Import and Install the SSL Server Certificate
- Next install your SSL Server Certificate into your
keystore. Copy-and-paste the server certificate from the body of the fulfillment email into
a simple text editor such as Notepad.
- Save the file to your server as
yourdomain.com.pem in the same
directory where your keystore was created.
- Using the java keytool command
line utility, import the SSL server certificate
yourdomain.com.pem
into your keystore using the following command:
keytool
-import -alias tomcat -keystore mykeystore -file yourdomain.com.pem The command should
be typed on one line.

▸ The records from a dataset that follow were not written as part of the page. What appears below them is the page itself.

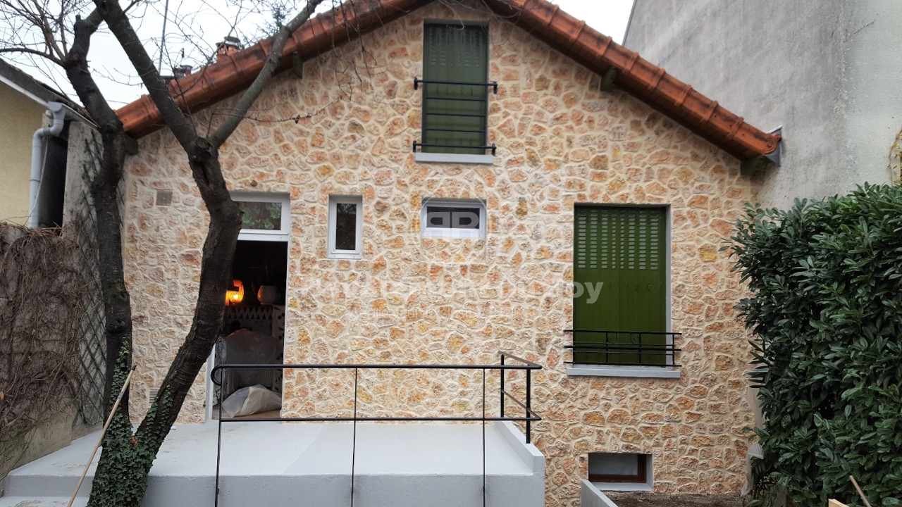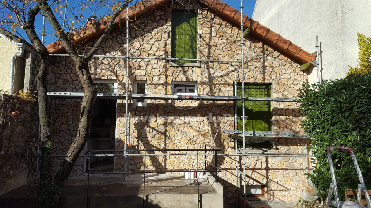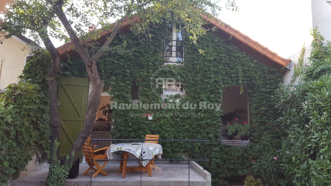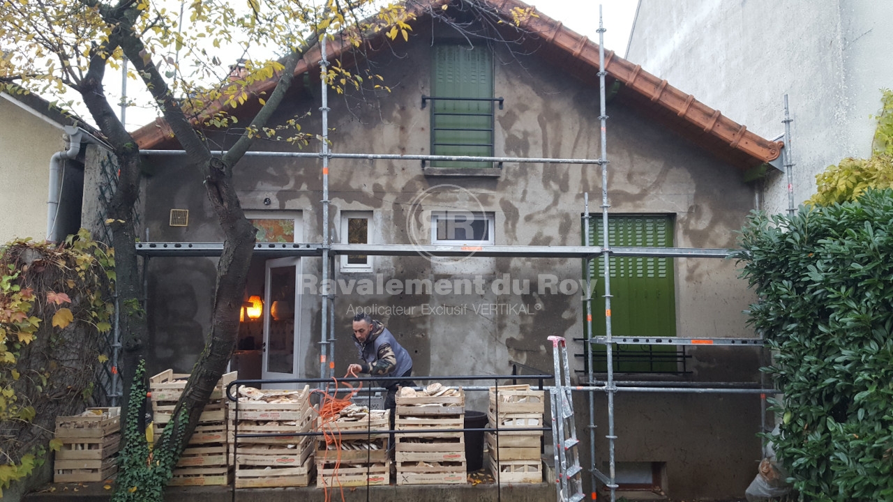 La façade côté jardin était recouverte de vigne vierge. Après élagage, nous avons procédé à un nettoyage en profondeur de la façade. Nous avons encollé les pierres de parement de meulière une par une et les avons placées sur la façade. La deuxième étape a été de rejointoyer l’ensemble par l’utilisation d’un enduit à la chaux aérienne, finition brossée.
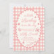 A pink gingham scalloped border frame for a little love bug themed baby shower invitation.
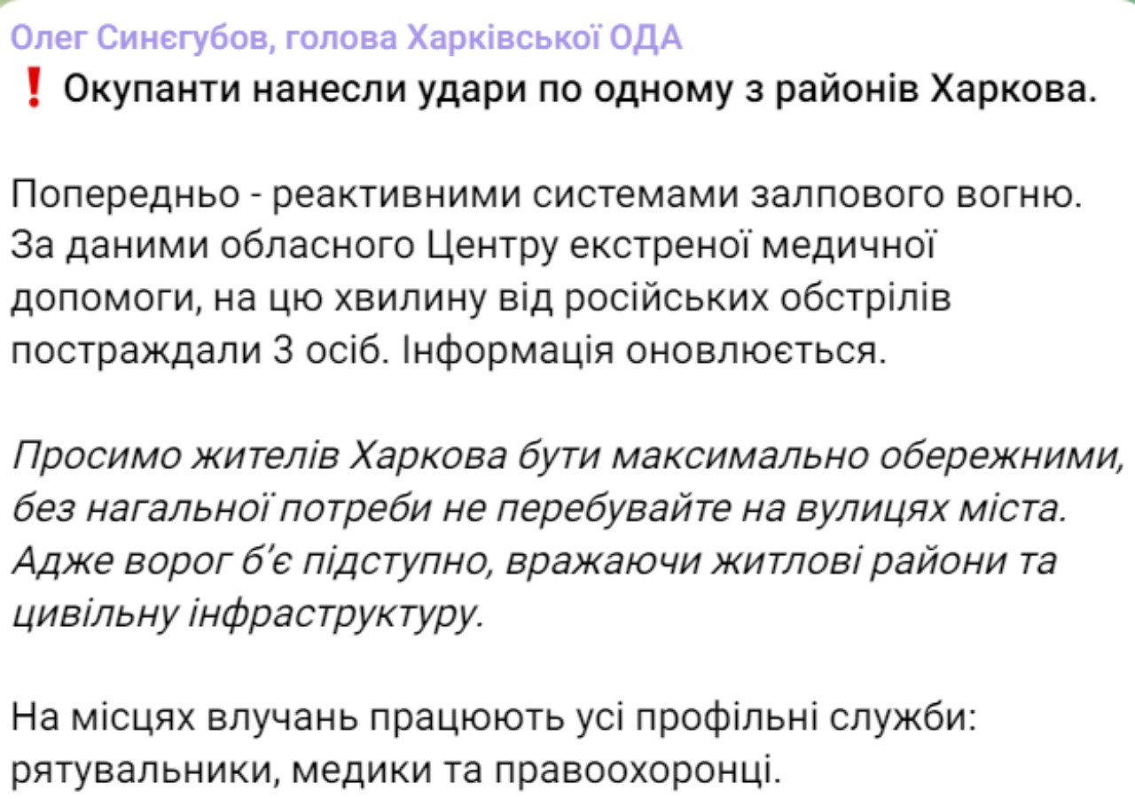 Предварительно - обошлось без пострадавших, сообщил глава Харьковской ОГА Олег Синегубов.
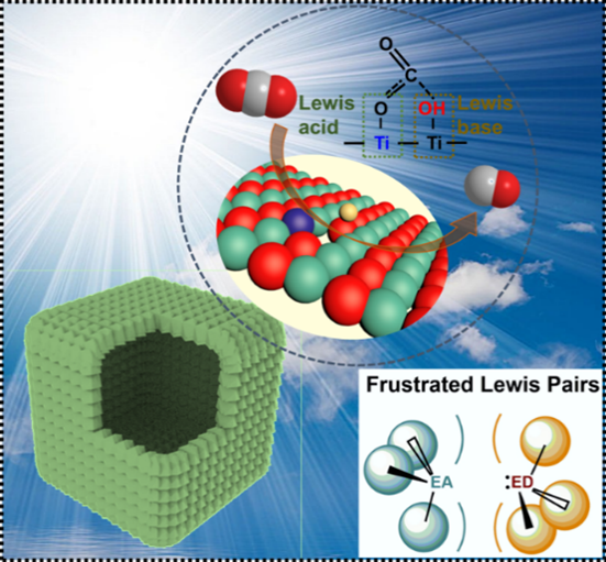 此外,该团队为探索光催化剂面临的其表面对CO2分子弱的吸附和活化能力,严重阻碍光催化CO2还原效率的问题,设计了含有受阻路易斯对(FLPs)的分层级中空TiO2-x空心盒子高效光催化剂,实现了无牺牲剂、无助催化剂条件下的水相高效光催化CO2还原。该工作通过利用原位拓扑转换方法将钙钛矿微米立方块成功构筑成含有受阻路易斯对(FLPs)的分层级中空TiO2-x空心盒子,TiO2-x表面的FLPs是由OVs(Lewis酸位点)及其近端表面羟基(Lewis碱位点)构成。含有FLPs活性位点的催化剂表现出出色的CO2吸附和活化能力,继而呈现优秀的光催化还原CO2为CO的活性。这一发现为在单组分固体光催化剂表面通过原位拓扑变换构建FLPs开辟了一条新途径,也为构筑高效的太阳能转化为化学能的光催化剂提供了新方法。该科研成果以“Construction of frustrated Lewis pairs on TiO2-xderived from perovskite for enhanced photocatalytic CO2reduction”为题,发表在化工领域TOP期刊Chemical Engineering Journal上(Chemical Engineering Journal, 2022, 427, 131554.https://doi.org/10.1016/j.cej.2021.131554)。该成果bw西汉姆联为唯一通讯单位。
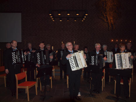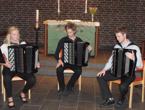 I konsertkonseptet er det alltid med en trekkspillsolist. Kristina Farstad Bjørdal fra Tennfjord går 2. året på Norges Musikkhøgskole (NMH). Hun startet med komposisjonen "La Poule" (høna) av franske Jean Phillippe Rameau. Hennes neste solonummer var 1. og 2. sats fra et russisk verk av A. Kholminov - "Song og Scherzo fra suite". "Håper dere får det gøy mens jeg spiller", sa Kristina for Scherzo betyr visst "spøk". Hun hadde valgt ut ytterligere to underholdende komposisjoner der hun fikk hjelp av medspillerne Eilev Øverbø og polske Greg Mishchyshyn som for tiden er utvekslingsstudent på akkordeon ved NMH - "Stars" og "Carrousel". I år var det ikke mange ledige sitteplasser å observere. Mange av publikummerne kommer til konserten også for kanskje å treffe bekjente de ikke har sett på lenge. Etter pausen, som altså er meget betydningsfull sosialt sett, var det flere godbiter igjen på programmet. Et kor blir også alltid invitert. I år var det "Grieg Singers". Bare navnet ga oss høye forventninger, og vi ble ikke skuffet. Koret ble stiftet høsten 2010 og består kun av damer som er fagutdannede hva vedgår sang eller gode amatører. Den eneste "hanen i kurven" er dirigenten Rolf Nykmark. Dette var korets første offentlige opptreden, og vi fikk presentert "Kveldssang for Blakken", "De norske Fjeld" og "Sporven" i vakre originalarrangenter av Edvard Grieg. De avsluttet sin avdeling med en gammel komposisjon fra 1830, "Veni Domine, op. 39" av en den gang meget musikalsk moden 21-årig Felix Mendelssohn Bartholdy.
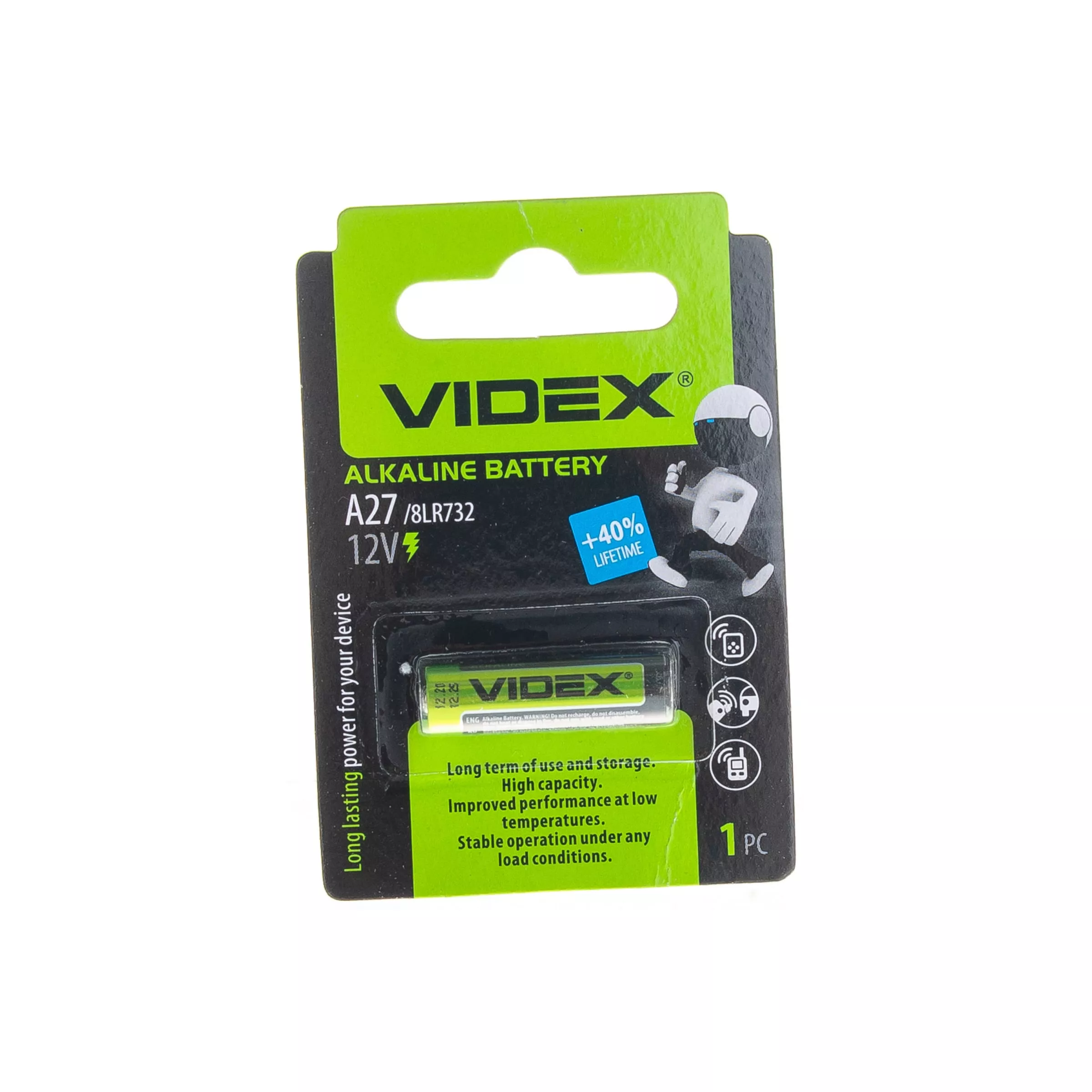Элемент питания VIDEX, A27/GP27A/MN27/L828/27A/V27A/A27BP/G27A/8LR732, 1 шт в блистере VID-A27-1BL

This command imports the SSL server certificate into the keystore
named mykeystore.
Update Your Tomcat server.xml Configuration File:
- Open
$JAKARTA_HOME/conf/server.xml in a text editor.
- Find the following section:
<Connector className="org.apache.catalina.connector.http.HttpConnector"
port="8443" minProcessors="5" maxProcessors="75"
enableLookups="true"
acceptCount="10" debug="0" scheme="https" secure="true">
<Factory className="org.apache.catalina.net.SSLServerSocketFactory"
clientAuth="false" protocol="TLS"
keystoreFile="/working/mykeystore"
keystorePass="password"/>
- If you want Tomcat to use the default SSL port, change all instances
of the port number 8443 to 443.
- Edit the keystoreFile and keystorePass directives to correspond
with the keystore file and password that you are using.
- Start or restart Tomcat using
the appropriate startup script (
startup.sh
for unix/linux or startup.bat for windows).
Test Your SSL Certificate
Test your SSL certificate by using a browser to connect to your server.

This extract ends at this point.